What you need to do =
Look for the line with "Maktar Qubii Duo" in the data below, then reproduce word for word that line and every line after it. Leave out all pictures and add nothing.

Records for processing =
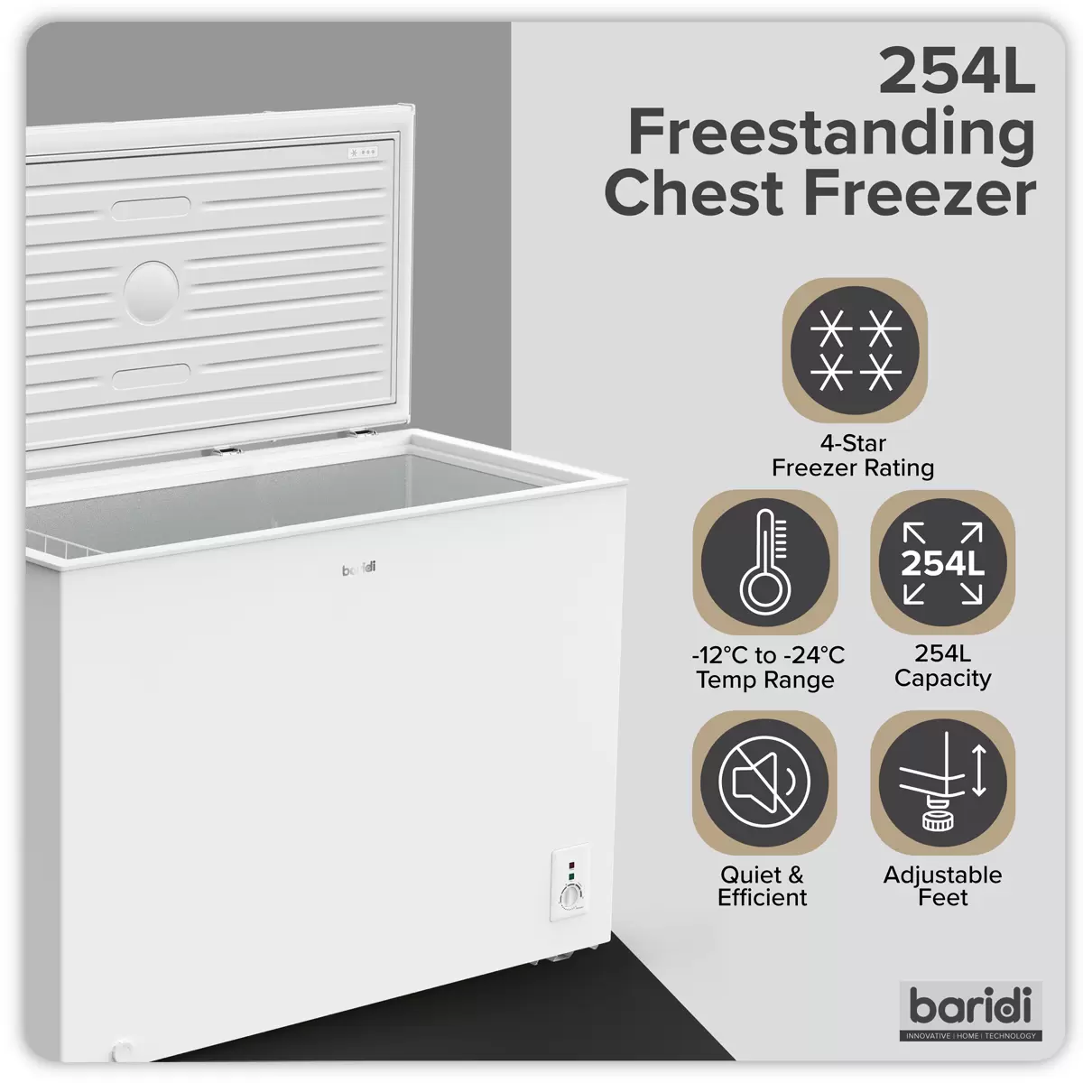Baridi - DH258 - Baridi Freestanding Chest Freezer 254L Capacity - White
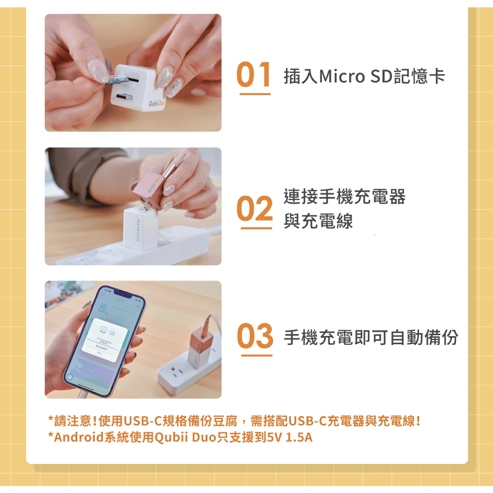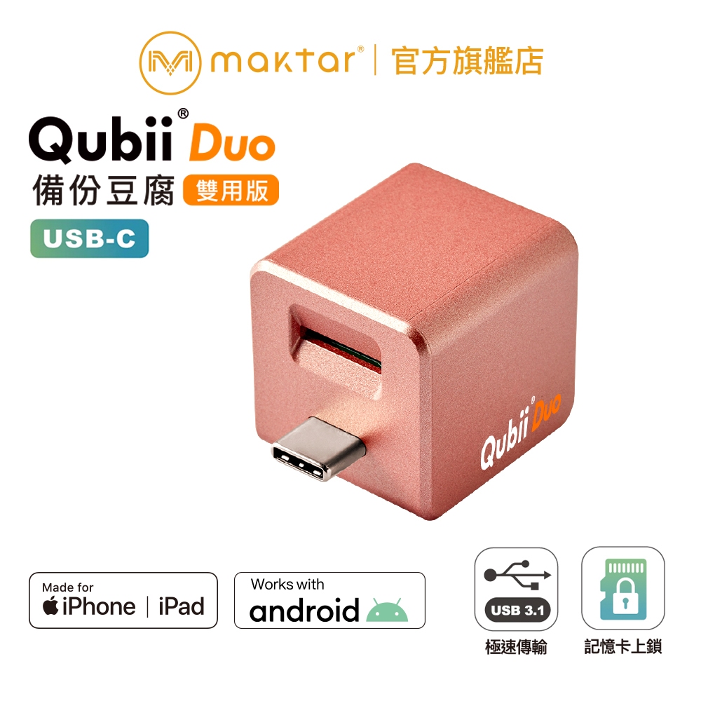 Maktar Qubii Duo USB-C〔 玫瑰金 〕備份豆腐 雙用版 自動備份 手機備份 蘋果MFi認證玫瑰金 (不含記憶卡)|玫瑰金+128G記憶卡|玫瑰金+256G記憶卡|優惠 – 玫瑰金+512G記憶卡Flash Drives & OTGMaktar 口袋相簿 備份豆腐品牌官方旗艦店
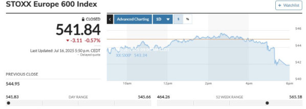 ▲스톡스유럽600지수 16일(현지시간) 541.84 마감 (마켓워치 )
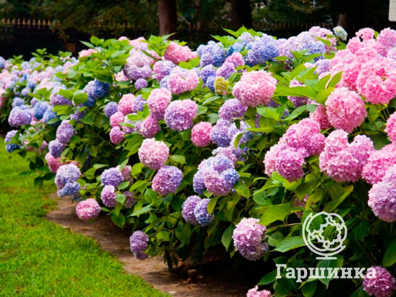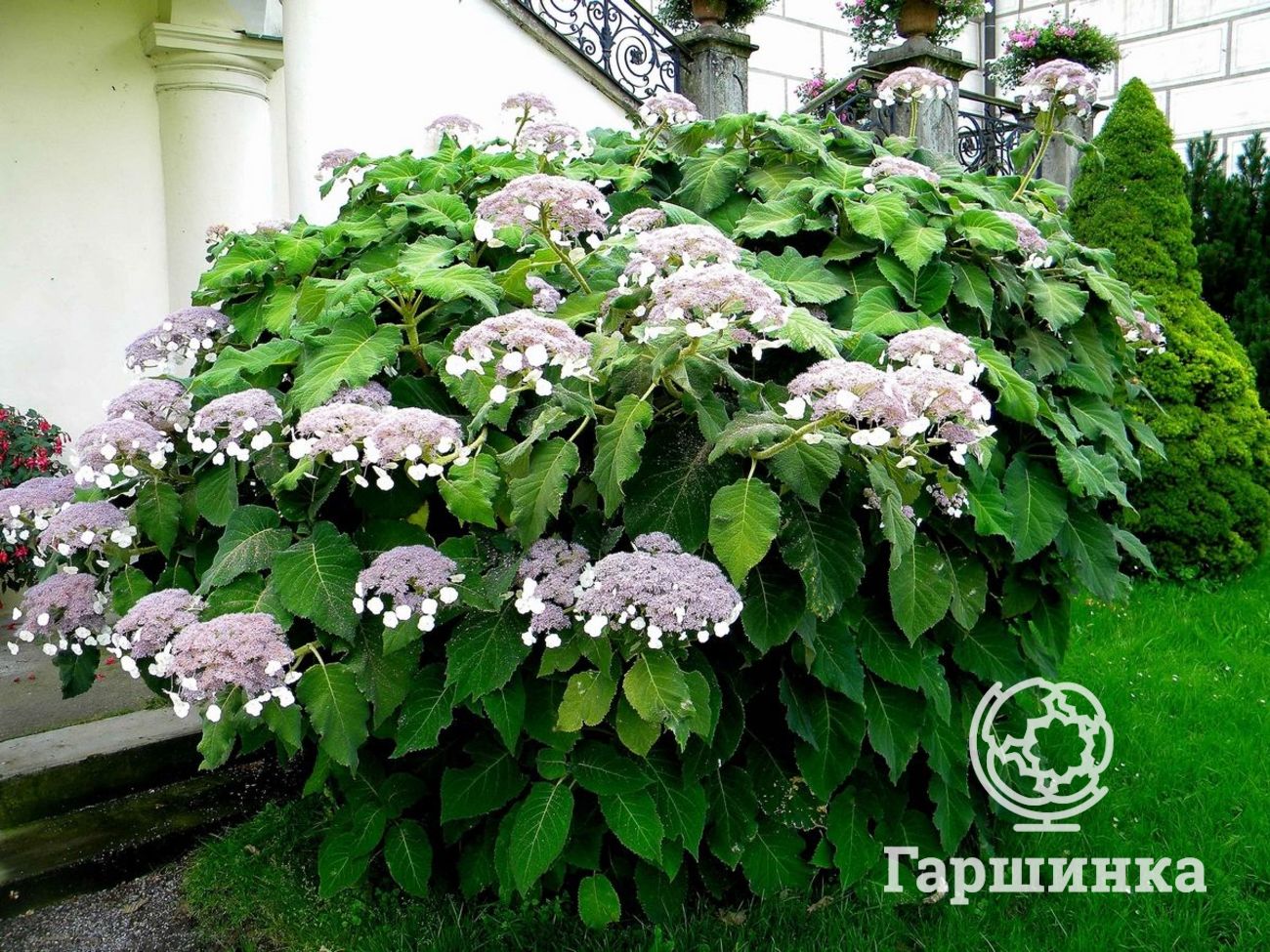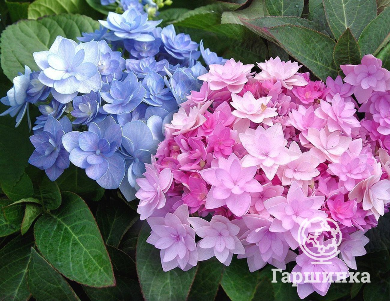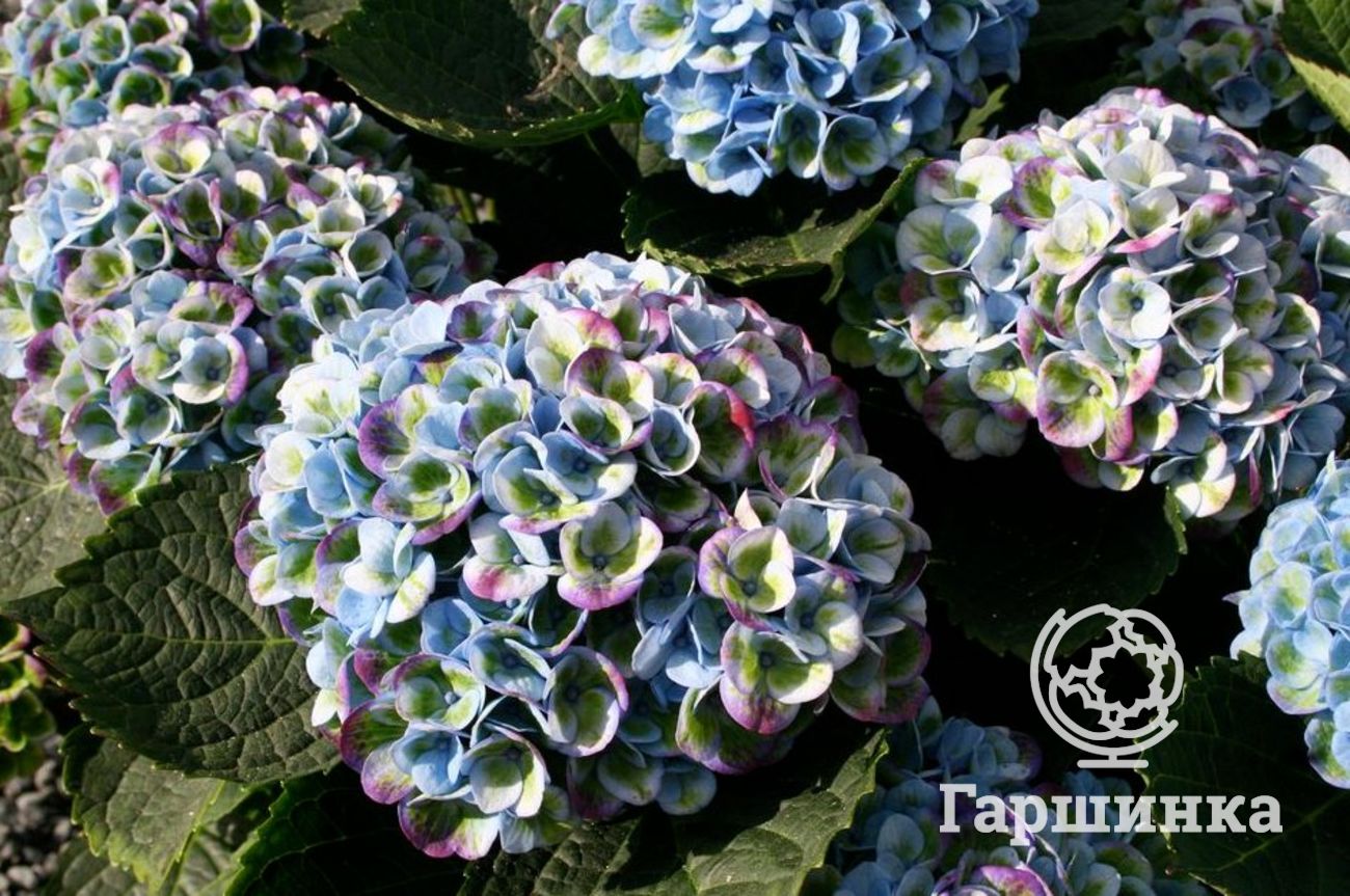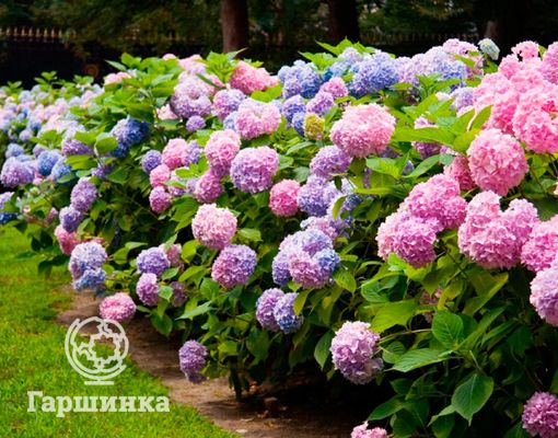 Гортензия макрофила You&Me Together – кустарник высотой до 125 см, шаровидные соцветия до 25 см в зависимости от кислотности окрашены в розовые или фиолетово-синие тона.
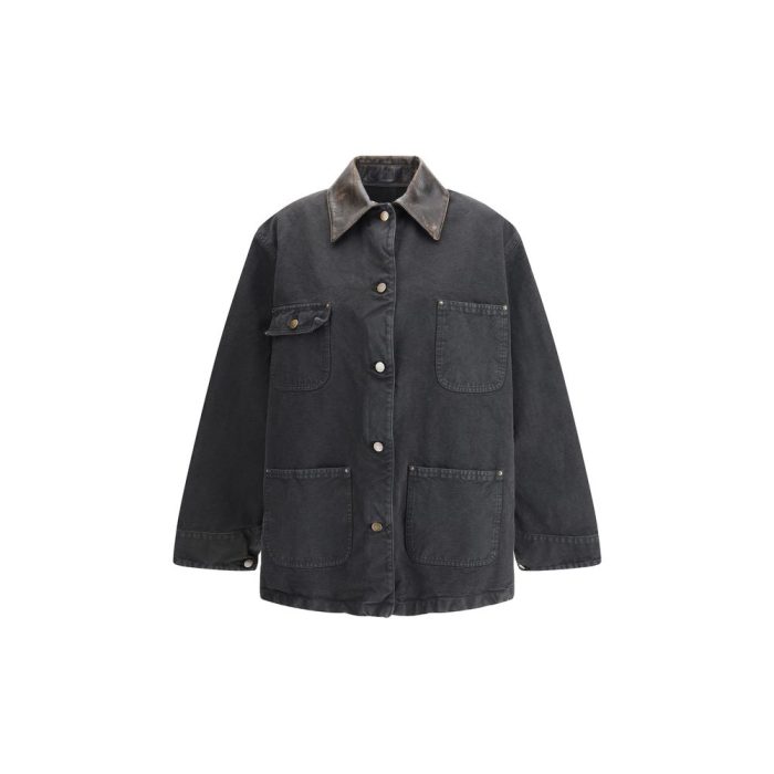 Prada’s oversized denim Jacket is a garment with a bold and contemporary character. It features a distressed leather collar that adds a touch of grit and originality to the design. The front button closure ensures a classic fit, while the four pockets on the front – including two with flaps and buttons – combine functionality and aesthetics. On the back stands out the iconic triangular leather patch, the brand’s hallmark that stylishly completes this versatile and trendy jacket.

Solution to this exercise =
 Maktar Qubii Duo USB-C〔 玫瑰金 〕備份豆腐 雙用版 自動備份 手機備份 蘋果MFi認證玫瑰金 (不含記憶卡)|玫瑰金+128G記憶卡|玫瑰金+256G記憶卡|優惠 – 玫瑰金+512G記憶卡Flash Drives & OTGMaktar 口袋相簿 備份豆腐品牌官方旗艦店
 ▲스톡스유럽600지수 16일(현지시간) 541.84 마감 (마켓워치 )
 Гортензия макрофила You&Me Together – кустарник высотой до 125 см, шаровидные соцветия до 25 см в зависимости от кислотности окрашены в розовые или фиолетово-синие тона.
 Prada’s oversized denim Jacket is a garment with a bold and contemporary character. It features a distressed leather collar that adds a touch of grit and originality to the design. The front button closure ensures a classic fit, while the four pockets on the front – including two with flaps and buttons – combine functionality and aesthetics. On the back stands out the iconic triangular leather patch, the brand’s hallmark that stylishly completes this versatile and trendy jacket.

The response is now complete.